Hashing

Before we get to hashing, let's first take a look at arrays (also called lists in Python). Consider an array $A$ consisting of $n \geq 1$ elements (say numbers). We can access them as $A[0], \dots, A[n-1]$, and both reads and writes take constant time. We can think of the array as a map (function) $$A \colon\; \{ 0, \dots, n-1 \} \longrightarrow \textrm{Values}.$$ While that sounds like a useful structure, it is also a very rigid one. What about adding or removing elements? What if we would like to use indexes other than the numbers from $0$ to $n-1$?

The hash table is a data structure which solves a lot of these problems. Without going into the inner workings of a hash table, we can think of such an object as a map $$\textrm{Keys} \longrightarrow \textrm{Values}.$$ The keys (indexes) can be numbers, strings, or a variety of other objects. While allowing such diverse keys is often a plus, that also means that we have no sense of order between them. Put formally, the set of keys is non-ordered. On the positive side, reading, writing, adding, and removing elements are all constant time operations (on average).

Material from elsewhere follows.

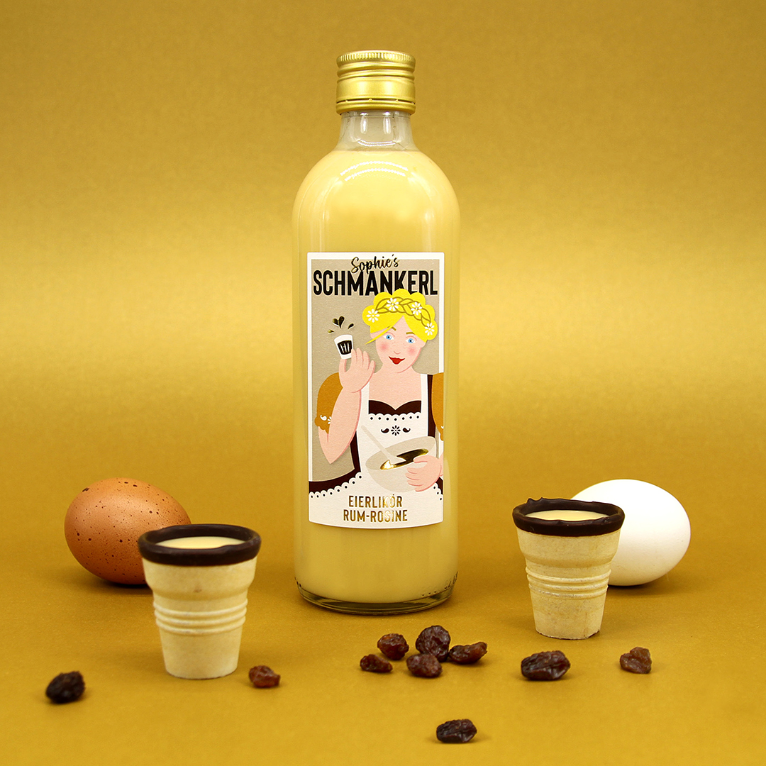 Die Idee: Sophie´s Schmankerl fokussiert sich auf Süßes und Sahniges. Und tatsächlich gab es die Sophie wirklich. Im 18ten Jahrhundert lebte sie als Frau eines Diakons in Augsburg und kochte und backte leidenschaftlich gerne. Ihr gelang es sogar in dieser Zeit einen Verlag zu überzeugen, welcher ihre Rezepte in einem Kochbuch veröffentlichte und es über 70 Jahre zum Bestseller werden ließ. Vor diesem Hintergrund und dieser Leistung haben wir ihr zu Ehren unsere neue Marke Sophie´s Schmankerl genannt. Da nun ein Eierlikörkuchen zu unseren Favoriten zählt, haben wir beschlossen einen Eierlikör zu entwickeln.

Hash tables in Python are called dictionaries, and they are almost as easy to use as lists. For example, the following code creates an empty dictionary ages, and adds to entries to it.

ages = {}
ages["cat"] = 4
ages["dog"] = 2

The same dictionary can equivalently be initialized directly in one line.

ages = { "cat": 2, "dog": 2 }

Checking whether a given key exists in a dictionary using the in operator. For example, the statement "cat" in ages evaluates to True.

Sometimes, we need a data structure similar to a set, that is, a keys-only hash table. In Python such objects are also called sets, and they are even easier to work with than dictionaries. For example, the following line initializes a set of two strings.

pets = { "cat", "dog" }

Finding summands

Given an array $A$ and an integer $n$, find elements $a$ and $b$ of $A$ such that $a + b = n$.

Before jumping to a hash table, let's think of simple solutions to this problem. For once, we can go through all pairs $(a, b)$ and compute their sum. The resulting algorithm has complexity $O(n^2)$.

As a second attempt, we can start by sorting the list. Imagine we have fixed one integer $a$ and would like to check if the list contains its complement $b = n - a$. This operation can be performed using a binary search which is $O(\log n)$. Since there are $n$ choices for the first integer $a$, the algorithm has complexity $O(n \log n)$.

Instead of starting with a sort, we can convert the list of numbers to a set. This is an $O(n)$ operation ($n$ constant time additions). Once that is done, we can go through all elements $a$, and check if their complement $b = n - a$ is also in the set. This amounts to $n$ constant time checks, so the second part is also $O(n)$. In conclusion, using a set reduced the complexity to $O(n)$.

{% include "./algorithms/Code/finding_summands.py" %}

Unique elements

Given a list of integers, remove all duplicates from it.

Word frequency

Given an body of text, construct a list of all words that appear in it together with their frequencies.

Finding anagrams

Two words are called *anagrams( if one can be obtained from the other by rearranging its letters. For example, "listen" and "silent" are anagrams. Given a dictionary of words, split it into groups such that each consists of words that are anagrams of each other.